EXERCISE:
Could you give back exactly the lines below from the one with "ศูนย์วิจัยกสิกรไทยปรับลดประมาณการส่งออกไทยในปี 2568 หดตัว" through the one with "Gothic Corset Cami", without a single picture?

DATA TO PROCESS:
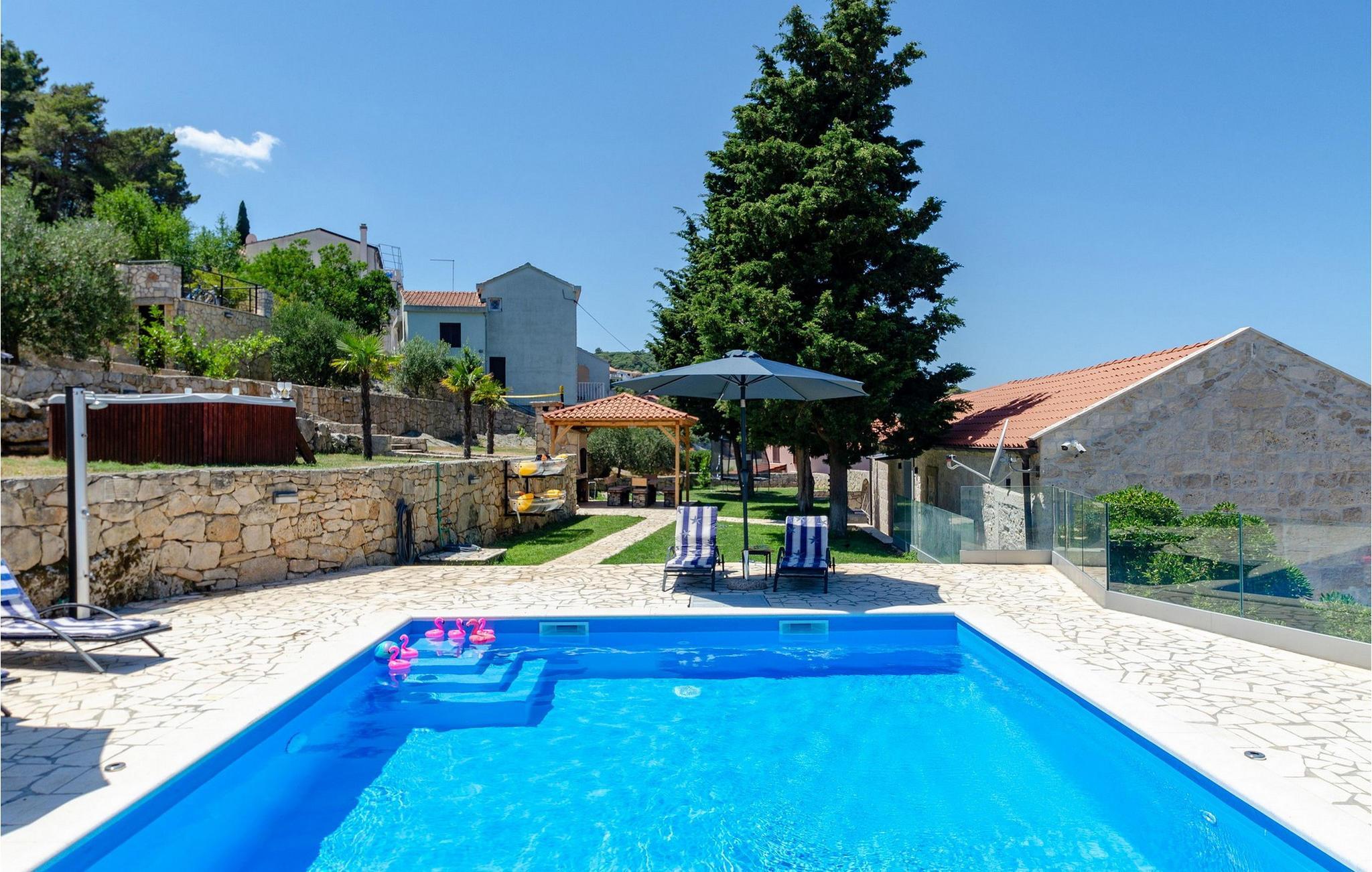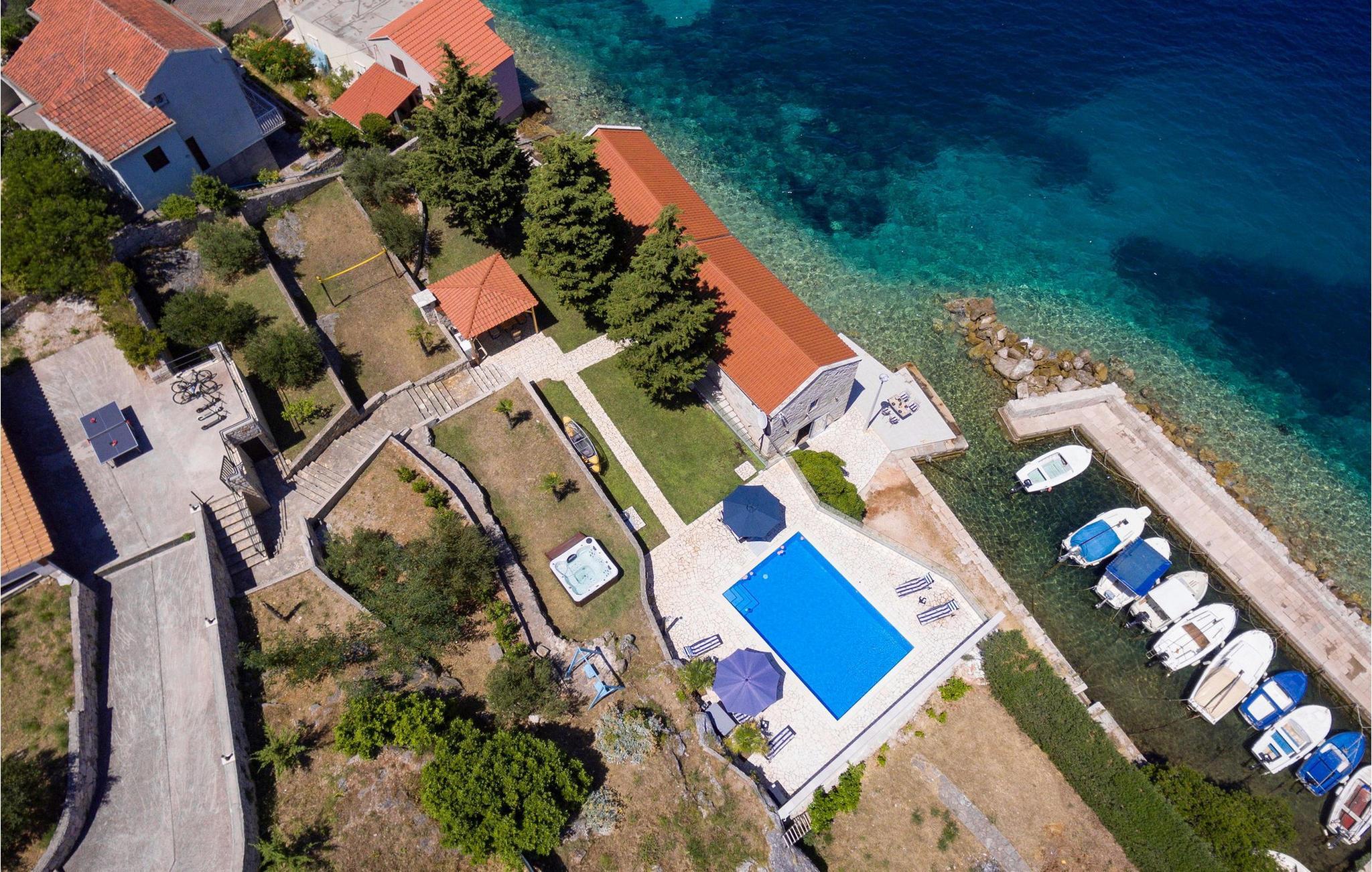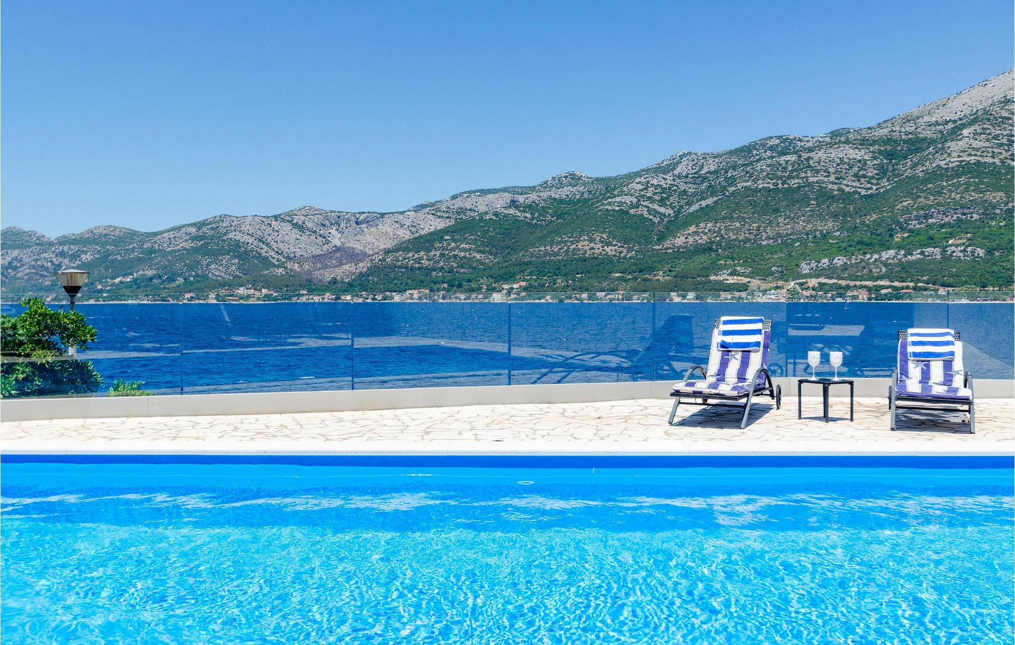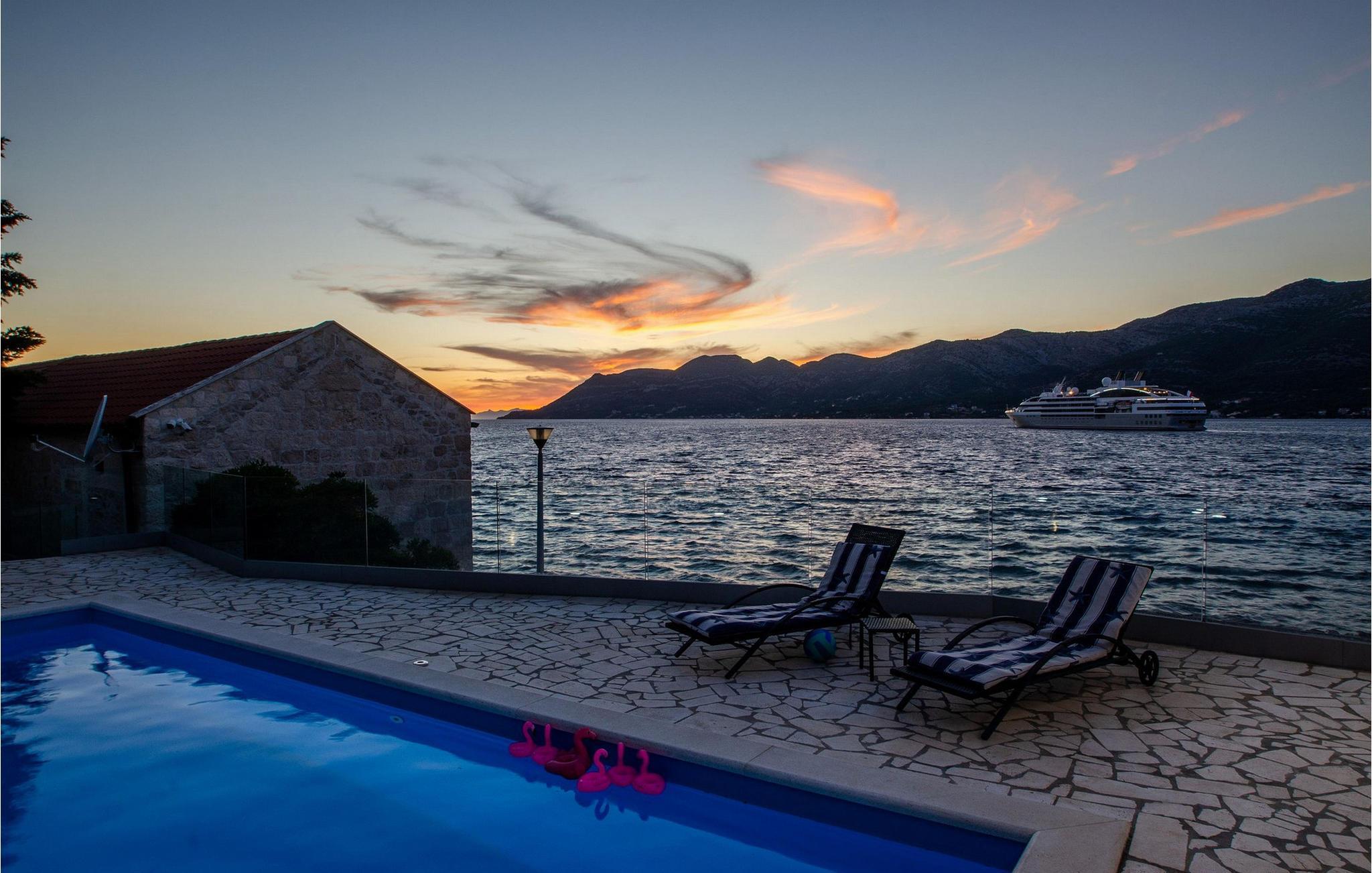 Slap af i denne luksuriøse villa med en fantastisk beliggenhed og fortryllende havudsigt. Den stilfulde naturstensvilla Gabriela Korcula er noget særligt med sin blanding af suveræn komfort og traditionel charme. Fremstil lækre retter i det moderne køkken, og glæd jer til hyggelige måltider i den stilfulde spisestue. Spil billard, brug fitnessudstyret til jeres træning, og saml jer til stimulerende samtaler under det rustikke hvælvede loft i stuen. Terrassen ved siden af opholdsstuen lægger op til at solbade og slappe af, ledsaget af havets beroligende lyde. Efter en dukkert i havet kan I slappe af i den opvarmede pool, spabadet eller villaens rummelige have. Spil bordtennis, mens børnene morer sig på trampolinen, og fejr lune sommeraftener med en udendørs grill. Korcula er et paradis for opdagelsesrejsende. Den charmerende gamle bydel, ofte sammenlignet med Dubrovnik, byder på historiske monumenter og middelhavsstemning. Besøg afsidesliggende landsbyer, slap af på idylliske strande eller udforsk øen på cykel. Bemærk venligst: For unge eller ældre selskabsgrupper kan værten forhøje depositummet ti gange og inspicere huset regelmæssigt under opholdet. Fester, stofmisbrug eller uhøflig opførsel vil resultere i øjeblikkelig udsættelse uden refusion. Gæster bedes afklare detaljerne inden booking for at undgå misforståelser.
* * *
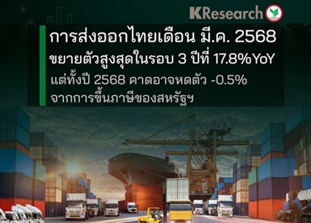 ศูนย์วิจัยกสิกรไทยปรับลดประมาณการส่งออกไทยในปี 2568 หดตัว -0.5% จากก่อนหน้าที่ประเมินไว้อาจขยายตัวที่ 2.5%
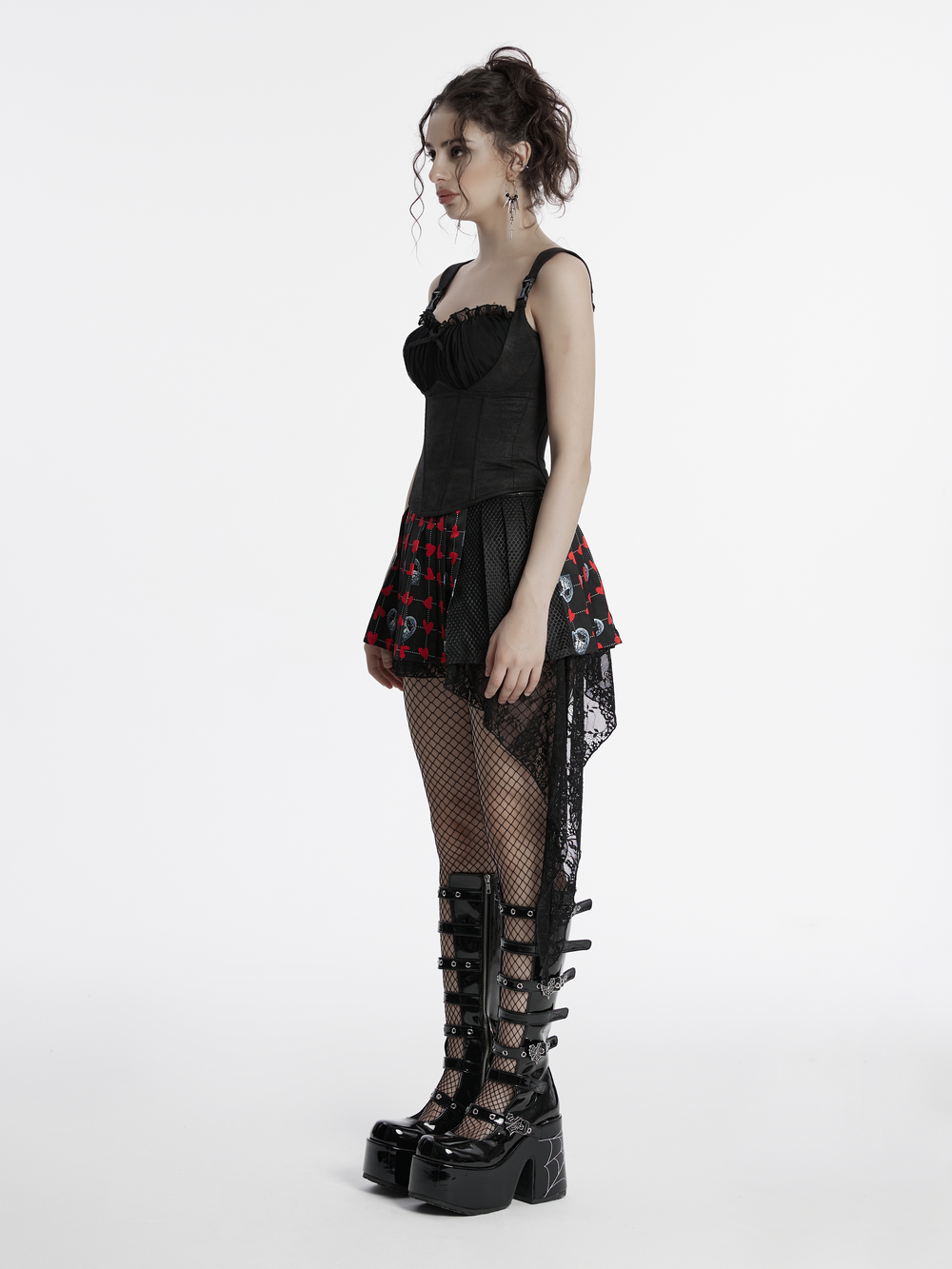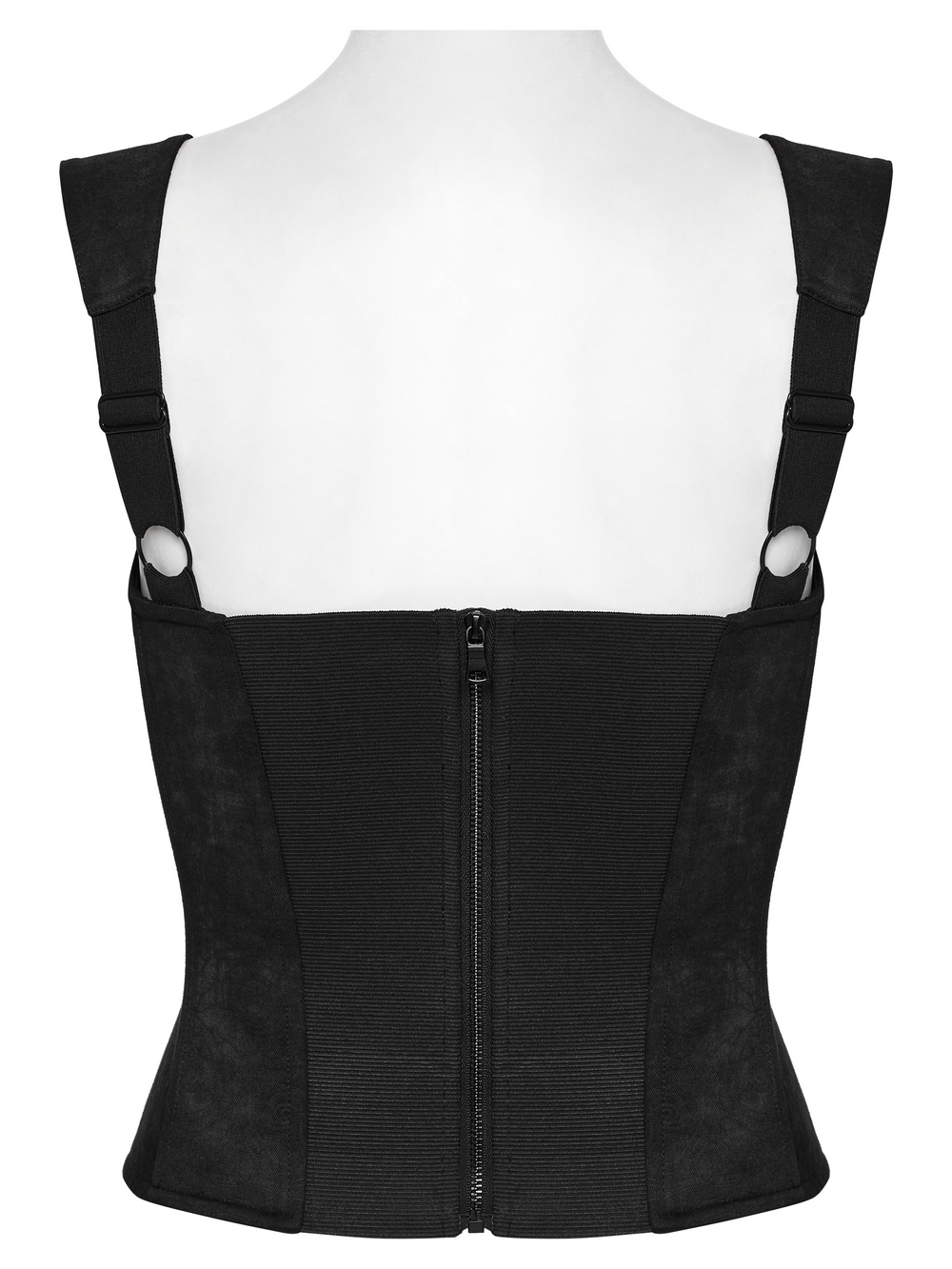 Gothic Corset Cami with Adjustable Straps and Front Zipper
--
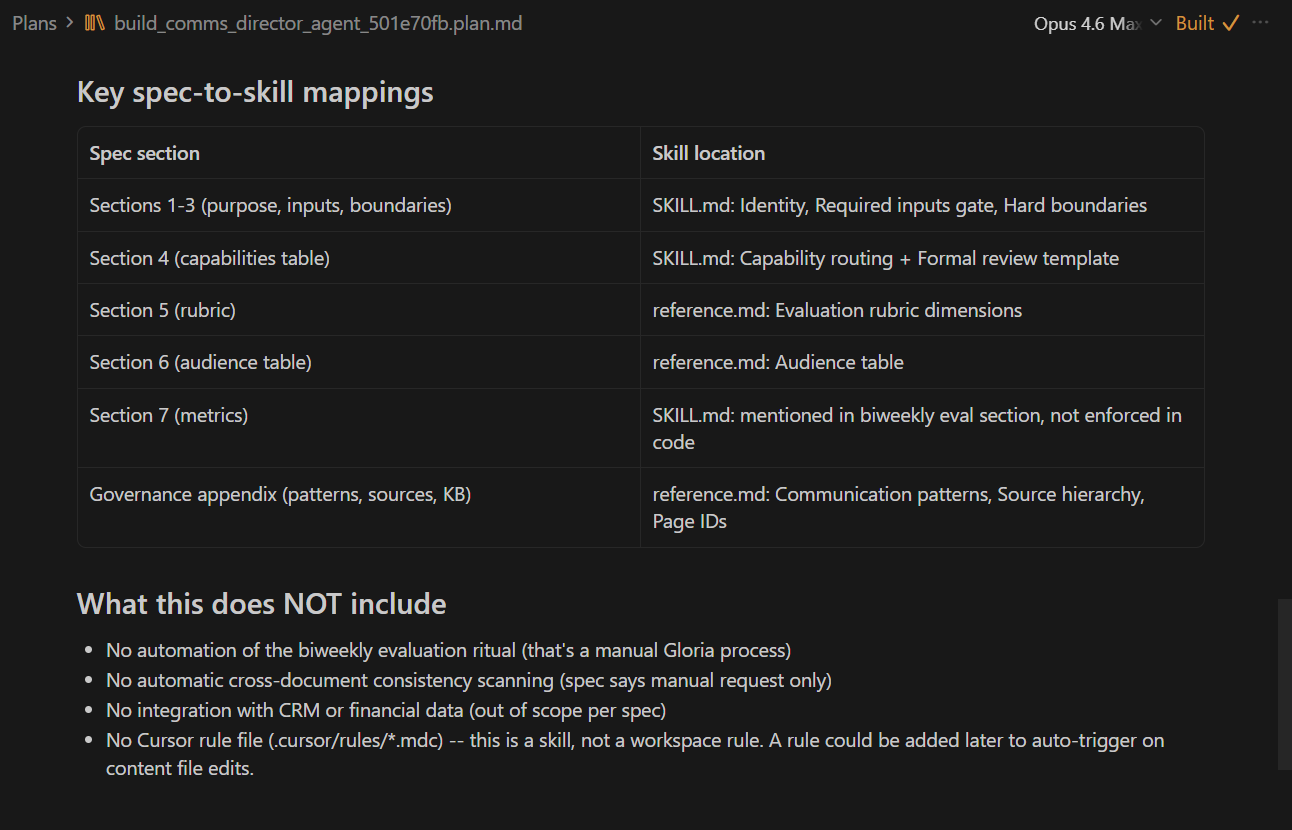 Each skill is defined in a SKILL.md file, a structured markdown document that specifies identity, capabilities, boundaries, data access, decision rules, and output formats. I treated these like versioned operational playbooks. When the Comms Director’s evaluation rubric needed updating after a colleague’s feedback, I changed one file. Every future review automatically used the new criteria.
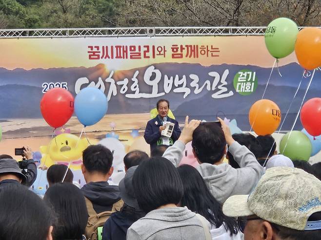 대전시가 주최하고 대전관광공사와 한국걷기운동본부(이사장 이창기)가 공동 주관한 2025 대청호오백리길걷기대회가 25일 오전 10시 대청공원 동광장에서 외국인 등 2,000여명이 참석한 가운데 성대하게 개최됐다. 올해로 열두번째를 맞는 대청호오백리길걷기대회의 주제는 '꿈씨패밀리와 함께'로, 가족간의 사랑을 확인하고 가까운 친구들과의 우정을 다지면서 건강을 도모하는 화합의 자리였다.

RESPONSE TO THE EXERCISE:
 ศูนย์วิจัยกสิกรไทยปรับลดประมาณการส่งออกไทยในปี 2568 หดตัว -0.5% จากก่อนหน้าที่ประเมินไว้อาจขยายตัวที่ 2.5%
 Gothic Corset Cami with Adjustable Straps and Front Zipper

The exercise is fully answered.